8. Shower after sweating to prevent butt acne

Listen, I know you're tired after working out, and we're already asking a lot of you to peel off your sticky bike shorts when your arms are still burning, but once you've made it that far, you might as well step in the shower and wash away all that sweat, oil, and dirt with cool water. According to Dr. Libby and Dr. Rabach, a quick rinse or a cleanse with body wash is key for treating and preventing butt acne, and it also works like a charm for acne all over your body, like the acne on your back.

9. Use salicylic acid to get rid of acne scars on your butt

We touched on salicylic acid (an oil-soluble beta-hydroxy acid) as a face wash or spot treatment for smoothing out the bumps of butt acne, thanks to its ability to remove excess oil and unclog pores. But since the ingredient exfoliates and increases cellular turnover as well, Dr. Libby also recommends sal-acid products as daily leave-on treatments to minimize the hyperpigmentation, butt acne scars, and dark spots left behind on your thighs or butt by the old active lesions. This will not only help to lighten the spots by encouraging new skin cells but also prevent them from popping up, so it's a good ingredient to keep on hand (err—butt? Idk).

10. Get laser hair removal.

If you've never had acne and now out of nowhere you now have bumps on your butt, Dr. Mehr says it's more likely that your butt acne is actually folliculitis. “That bacteria, instead of having an entry into the inside world from a pore, got an entry into the inside world by tracking down a hair follicle,” Dr. Mehr explains. “So the key with folliculitis is destroy the root of the hair follicle. How?
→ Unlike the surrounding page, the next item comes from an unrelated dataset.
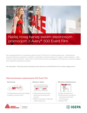 Nadaj nową barwę swoim sezonowym promocjom z Avery® 500 Event Film Nie ma lepszej alternatywy niż sprawdzona gama folii Avery® 500 Event Film: szerokie zastosowanie - krótkookresowe kampanie reklamowe, oznaczenia w marketach, na festiwalach, imprezach plenerowych, targach, wystawy sklepowe... i wiele innych! Do wyboru 96 kolorów. Szybko, łatwo i ekonomicznie stworzysz przyciągającą wzrok reklamę czy oznaczenie nadające się na większość standardowych podłoży. Nie szukaj dalej - Twój autoryzowany dystrybutor Avery Dennison ma folię 500 Event Film na stanie magazynowym. Rekomendowane zastosowanie 500 Event Film Samochody: Wystawy i sklepy: Elementy architektoniczne: • Krótkookresowe promocyjne naklejki na płaskich powierzchniach • Krótkookresowe promocyjne ekspozycje dla sezonowych kampanii • Reklama wewnętrzna i dekoracje wystaw sklepowych • Grafika wystawiennicza • Krótkookresowe zewnętrzne oznaczenia informacyjne i komunikacyjne • Reklama POS Paleta kolorów Stone Yellow Avery 526 Cobalt Blue Avery 540 Grass Green Avery 518 Butter Yellow Avery 527 Dark Blue Avery 512 Light Green Avery 517 Primrose Yellow Avery 504 Vivid Blue Avery 528 Lime Avery 531 Bright yellow Avery 525 Ultramarine Blue Avery 520 White Avery 501 Light Orange Avery 516 Reflex Blue Avery 539 Mist Grey Avery 544 Orange Avery 509 Blue Avery 505 Light Grey Avery 529 Poppy Red Avery 514 Intense Blue Avery 521 Grey Avery 508 Medium Red Avery 523 Bright Blue Avery 510 Dove Grey Avery 545 Cherry Red Avery 511 Gentian Blue Avery 538 Dark Grey Avery 530 Geranium Red Avery 503 Light Blue Avery 537 Black Avery 502 Red Avery 519 Turquoise Avery 534 Silver Avery 546 Dark Red Avery 515 Teal Avery 535 Gold Avery 547 Burgundy Avery 513 Mint Avery 536 Ivory Avery 542 Magenta Avery 524 Forest Green Avery 533 Beige Avery 543 Pink Avery 541 Kelly Green Avery 532 Brown Avery 507 Violet Avery 522 Cactus Green Avery 506 Nut Brown Avery 548 Wydrukowane kolory mogą różnić się od palety barw Avery 500 Film - poproś o kartę kolorów. Charakterystyka folii 500 Event Film: > 96 standardowych kolorów dostępnych z magazynu > Przeznaczone do użycia na płaskich powierzchniach > Klasa palności B1/M1- świetnie nadają się do zastosowania w czasie imprez plenerowych, jak i odbywających się w pomieszczeniach, EN13501-01 > Trwały akrylowy klej > 5-letnia, 70-mikronowa, monomeryczna folia kalandrowana > Doskonały współczynnik ceny do jakości dla krótkookresowych zastosowań > Idealne do wycinania ploterem tnącym Rekomendowane zastosowanie: > Krótkookresowe zastosowanie na samochodach osobowych, ciężarówkach, autobusach > Krótkookresowe grafiki promocyjne na płaskich powierzchniach pojazdów > Elementy wystaw sklepowych – zewnętrzne i wewnętrzne > Sezonowe kampanie promocyjne oraz rozwiązania POS > Aplikacje architektoniczne > Grafika wystawiennicza oraz eventowa > Krótkookresowe oznaczenia informacyjne i komunikacyjne (zewnętrzne i wewnętrzne) Odwiedź stronę www.europe.averygraphics.com lub www.igepa.pl aby uzyskać pełne informacje o produktach lub skontaktuj się telefonicznie z BOK Igepa Viscom. Distributed by Biuro Obsługi Klienta tel. +48 664 104 105, +48 (12) 639 24 40; fax +48 (12) 639 24 39; [email protected], www.igepa.pl KRAKÓW Igepa Polska Sp. z o.o. 31-588 Kraków ul. Siwka 11 tel. 012 639 24 00 fax 012 639 24 39 [email protected] WARSZAWA Igepa Polska Sp. z o.o. Moszna Parcela 29 05-840 Brwinów tel. 022 738 39 50 fax 022 738 39 60 [email protected] POZNAŃ Igepa Polska Sp. z o.o. Sady k/Poznania 62-080 Tarnowo Podgórne ul. Za Motelem 2d tel. 061 657 10 00 fax 061 657 10 10 [email protected] WROCŁAW Igepa Polska Sp. z o.o. Wojkowice 55-020 Żórawina ul. Wrocławska 36 tel. 071 363 86 47 fax 071 367 03 46 [email protected] Inspired Brands. Intelligent Wo ŁÓDŹ Igepa Polska Sp. z o.o. 92-404 Łódź ul. Zakładowa 90-92 Wydrukowano na papierze Profi Silk (środek 150gsm, okładka 300gsm). które dotyczą folii Avery 500 Event Film, znajdują się na stronie internetowej: Informacje na temat warunków gwarancji, ograniczeń w stosowaniu, www.europe.averygraphics.com. Wszystkie stwierdzenia, informacje techniczne i zalecenia dotyczące produktów Avery Dennison są oparte na wynikach badań i wiarygodnych informacjach, lecz nie stanowią gwarancji ani rękojmi. Wszystkie produkty Avery Dennison sprzedawane są z zastrzeżeniem, iż Zamawiający samodzielnie oceni przydatność danego produktu do swoich określonych celów. 2013-02_14592_500-EN © Avery Dennison Corporation Inspired Brands. Intelligent World.TM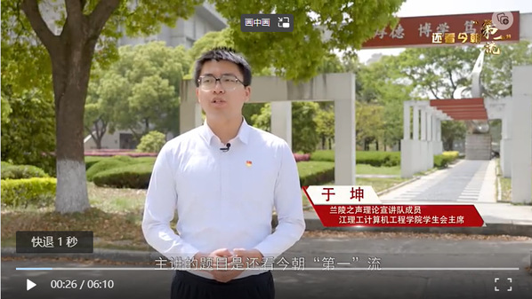 近日,世界杯(中国)与常州市天宁区兰陵街道党工委合作拍摄制作的专题视频:冬训主讲人丨还看今朝“第一流”被学习强国平台选用。学生会主席于坤作为视频主讲人,以习近平总书记在党的二十大报告中强调的科技、人才、创新为主线,分别介绍了常州市盾构机、新能源技术及江苏理工学院人才培养等内容。

Laser hair removal.” Not only will lasering the hair away prevent folliculitis, but it also will help minimize scarring that can come from folliculitis caused by other methods of hair removal. Dr. Mehr explains that sugaring or waxing “basically allows the outside bacteria to get inside and cause pimples, which lead to scarring.”

The takeaway:

In summary, get your butt to the derm. A board-certified dermatologist is much better at distinguishing an acne breakout from folliculitis than you are (and that's not a knock against you—these people are doctors who studied this very thing) and can tell you the right treatment approach for your given situation. Dr. Rabach says dermatologists see this all the time, so butt acne is nothing to be embarrassed about and no reason to put it off. Just whatever you do, stop sitting in sweaty yoga pants already.